It also affected my ID.4 delivery to a degree, but the Ides of March was actually fine by me.



mope54 said:


> When I placed my AWD order in I was told to expect delivery between Oct-Dec. I didn't wait... (got a First Edition!)


----------



## phildo (Jul 23, 1999)

I think 'worth the wait' really depends on what kind of vehicle you need. I live in Central Oregon and deal with ice/snow in the winter, so I am only considering AWD at this point.


----------



## Senior Member (Jul 2, 2016)

Never buy a 1st model year car.


----------



## Huey52 (Nov 10, 2010)

Historically I would be inclined to agree. However given over-the-air firmware updates it's far more a moot concern than ever before.



Senior Member said:


> Never buy a 1st model year car.


----------



## mope54 (May 24, 2005)

Senior Member said:


> Never buy a 1st model year car.


Normally I'd agree but VW's trend, at least in regard to their EVs, in recent years has been to release an early bird trim that is hard to match value-wise in later releases. The 1st is built in Germany and later iterations will be built state-side and I've always given higher value to German origin dubs than those built elsewhere. I suspect VW puts a little extra (source higher quality parts) into their launches, too. The first gen eGolfs, for example, had more efficient motors compared to the later releases. Those factors, along with the OTAs, make this less of a concern than usual. Plus, it's a VW...it's not like I'm expecting a gremlin-free vehicle during any release cycle


----------



## Huey52 (Nov 10, 2010)

Yes, "value engineering" always rears its increased profit margin ugly head in out years. So you have to weigh the bang for the buck trim (~$3K "free" in 1st Edition as an example) and somewhat better parts vs. the potential "early adopter" headaches. But again I've only had a couple App issues that were resolved fairly quickly and another vehicle charge-scheduling setup anomaly to work-around and likely to be addressed in the first OTA update. No issues with the actual drivability which has been excellent.


----------



## Fleuger999 (Jun 10, 2019)

phildo said:


> I think 'worth the wait' really depends on what kind of vehicle you need. I live in Central Oregon and deal with ice/snow in the winter, so I am only considering AWD at this point.
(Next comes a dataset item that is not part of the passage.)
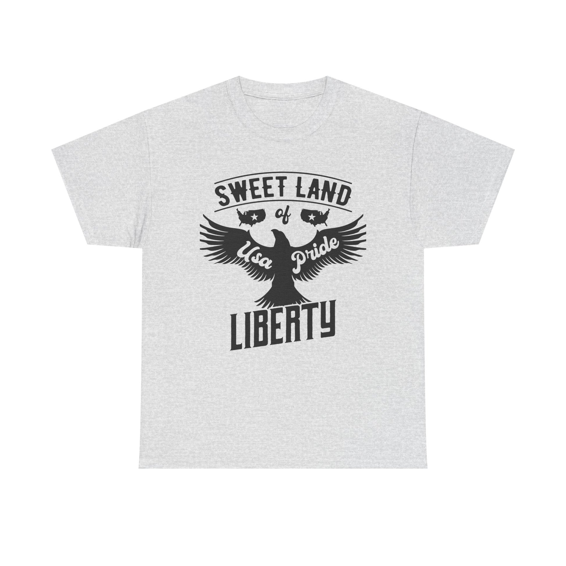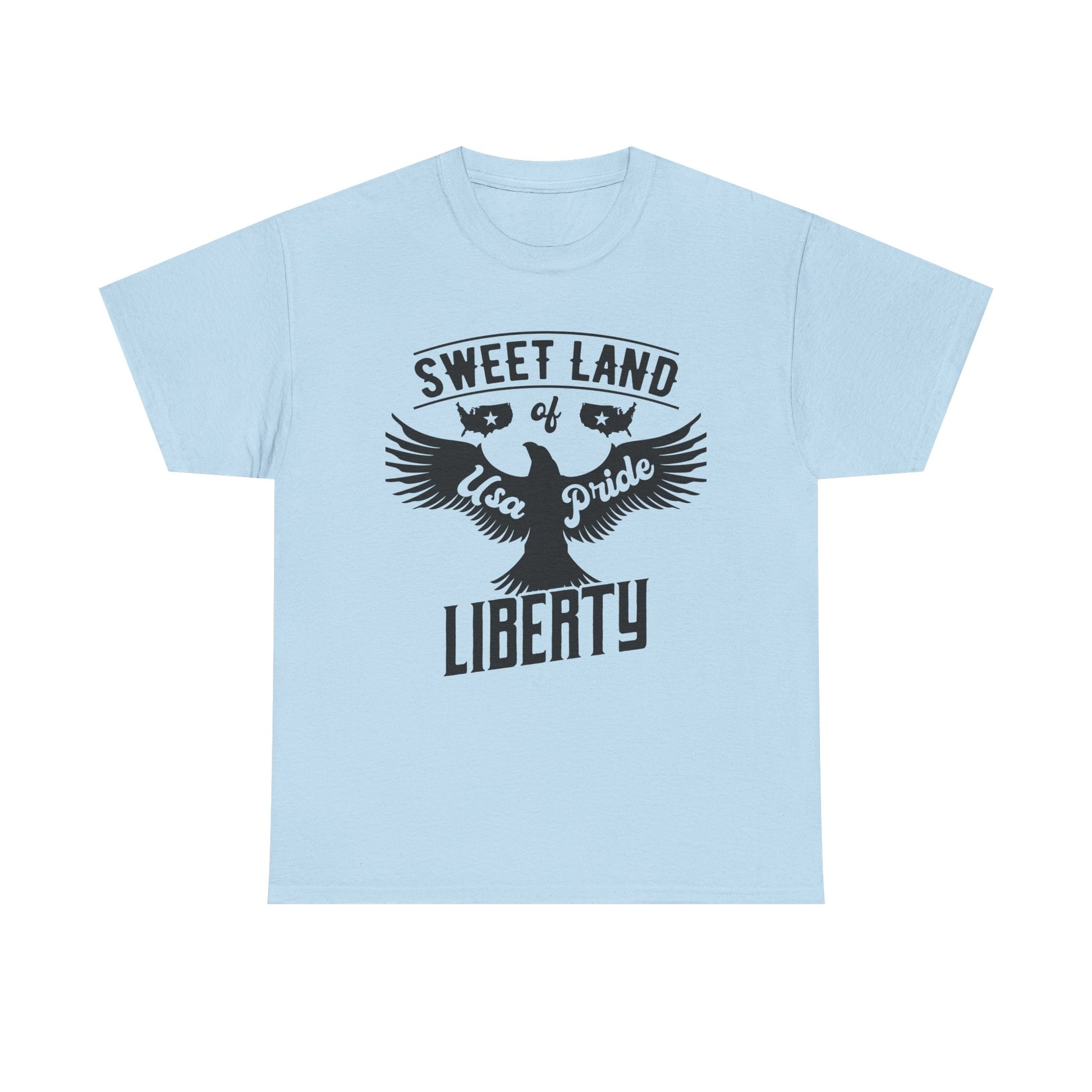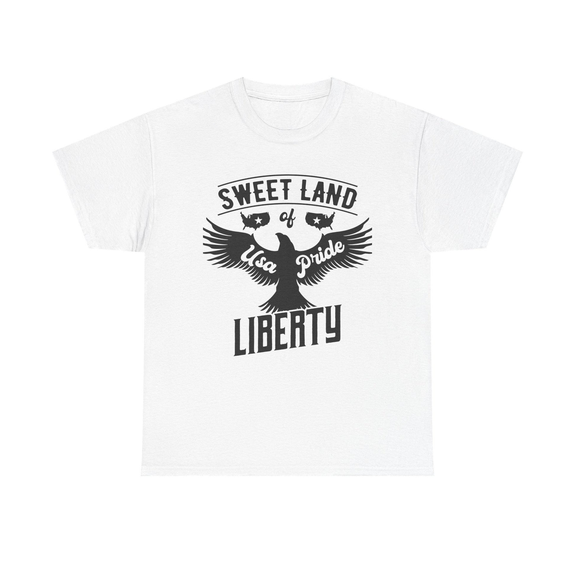 Show your love for the red, white, and blue with our Sweet Land of Liberty T-shirt. Made from durable heavy cotton, this unisex tee is perfect for backyard BBQs, fireworks, parades, or everyday casual wear. With its bold patriotic design, it's a timeless tribute to freedom, perfect for Independence Day and beyond.

The cold temps will also impact range. I have a buddy who has a Tesla in Toronto Canada and he said in winter his range is reduced by about 20% during the cold winter.


----------



## Huey52 (Nov 10, 2010)

Indeed. The computer's top priority is keeping the battery at its optimal temperature and that of course requires more energy in Winter that would otherwise be used for more range. But then also in very hot climates keeping it cool. 🤷‍♂️


Fleuger999 said:


> The cold temps will also impact range. I have a buddy who has a Tesla in Toronto Canada and he said in winter his range is reduced by about 20% during the cold winter.


----------



## mlsstl (Nov 28, 2018)

Over on another forum that has a lot of activity concerning the VW EVs (VWIDTalk.com), the general thinking is that the RWD's 250 mile EPA range will be reduced to 220 to 230 miles for the AWD. Both cars will have the same battery pack. Remember that the EPA mileage figures are more for comparing different makes and models against each other rather than a precise indication of what any individual driver should expect for themselves.


----------



## Golfsx2 (Apr 13, 2017)

VW has announced the AWD’s range as 240 miles. It achieves this by using the 2nd motor only when needed. The motor freewheels most of the time.


----------



## Huey52 (Nov 10, 2010)

Thanks for this as I was unaware that the FWD portion of the ID.4 AWD model was only "as required." This is somewhat similar to my prior TTS Quattro which was FWD most of the time and the Haldex RWD only activated as required.
I wonder however if the front motor is at least used for add'l regen/braking when not actual drive?


Golfsx2 said:


> VW has announced the AWD’s range as 240 miles. It achieves this by using the 2nd motor only when needed. The motor freewheels most of the time.


----------



## Golfsx2 (Apr 13, 2017)

The info about the front motor freewheeling most of the time was on an EV enthusiast site, which of course I can't find now. 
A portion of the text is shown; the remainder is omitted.